Task to carry out: Although pictures appear in the data, the answer should contain only the lines from its start through the line with "Hex #bbbec0 Color", written out exactly.

Given data:
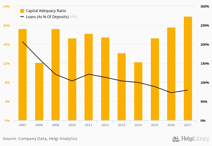 Bank's loan to deposit ratio reached 79.4% at the end of 2017, up from 72.4% when compared to the previous year. Some 10 years ago, loan to deposit ratio of the bank amounted to 206%.
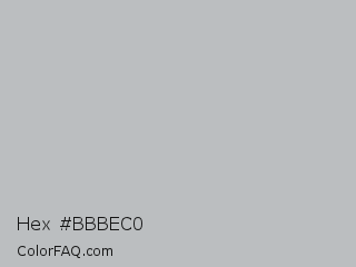 Hex #bbbec0 Color is a light blue color and the nearest color is Gray X11 Gray #bebebe. Hex code #bbbec0 and RGB value is rgb(187,190,192). In RGB color space, this color is composed of 73% red, 75% green, 75% blue, In CMYK color space, this color is composed of 3% cyan, 1% magenta, 0% yellow , 25% black , In HSL color space, this color has a hue angle of 204° , 4% saturation and 74% lightness.
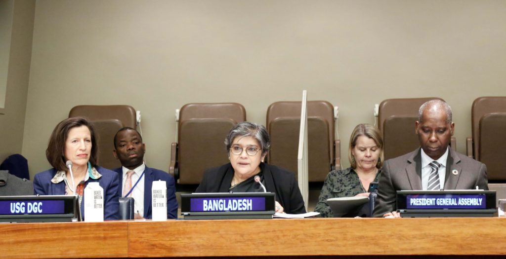 The venue was full to its capacity with the presence of senior diplomats of a large number of member states, UN officials, media personalities and civil society representatives. The President of the General Assembly attended the event as a special guest. The Permanent Representative (PR) of Bangladesh to the UN Ambassador Rabab Fatima made the welcome remarks. The President of the UN General Assembly Mr. Tijjani Muhammad-Bande, PR of Trinidad and Tobago Ms Pennelope Althea Beckless, Chargé d’affaires of Australia Ms Tegan Brink, Chargé d’affaires of Cameroon Zacharie Serge Raoul Nyanid, Chargé d’affaires of Mexico Juan Sandoval Mendiolea, UN Under-Secretary-General for Global Communications Ms. Melissa Fleming (on behalf of the UN Secretary-General), Director of the Documentation Division of UN Department of General Assembly and Conference Management Ms. Cecilia Elizalde also spoke. In addition, Director and UNESCO Representative to the UN in New York Ms. Marie Paule Roudil read out the message of DG of UNESCO. The New York City Mayor Bill de Blasio gave a special message on the occasion which was also read out.

Response:
 Bank's loan to deposit ratio reached 79.4% at the end of 2017, up from 72.4% when compared to the previous year. Some 10 years ago, loan to deposit ratio of the bank amounted to 206%.
 Hex #bbbec0 Color is a light blue color and the nearest color is Gray X11 Gray #bebebe. Hex code #bbbec0 and RGB value is rgb(187,190,192). In RGB color space, this color is composed of 73% red, 75% green, 75% blue, In CMYK color space, this color is composed of 3% cyan, 1% magenta, 0% yellow , 25% black , In HSL color space, this color has a hue angle of 204° , 4% saturation and 74% lightness.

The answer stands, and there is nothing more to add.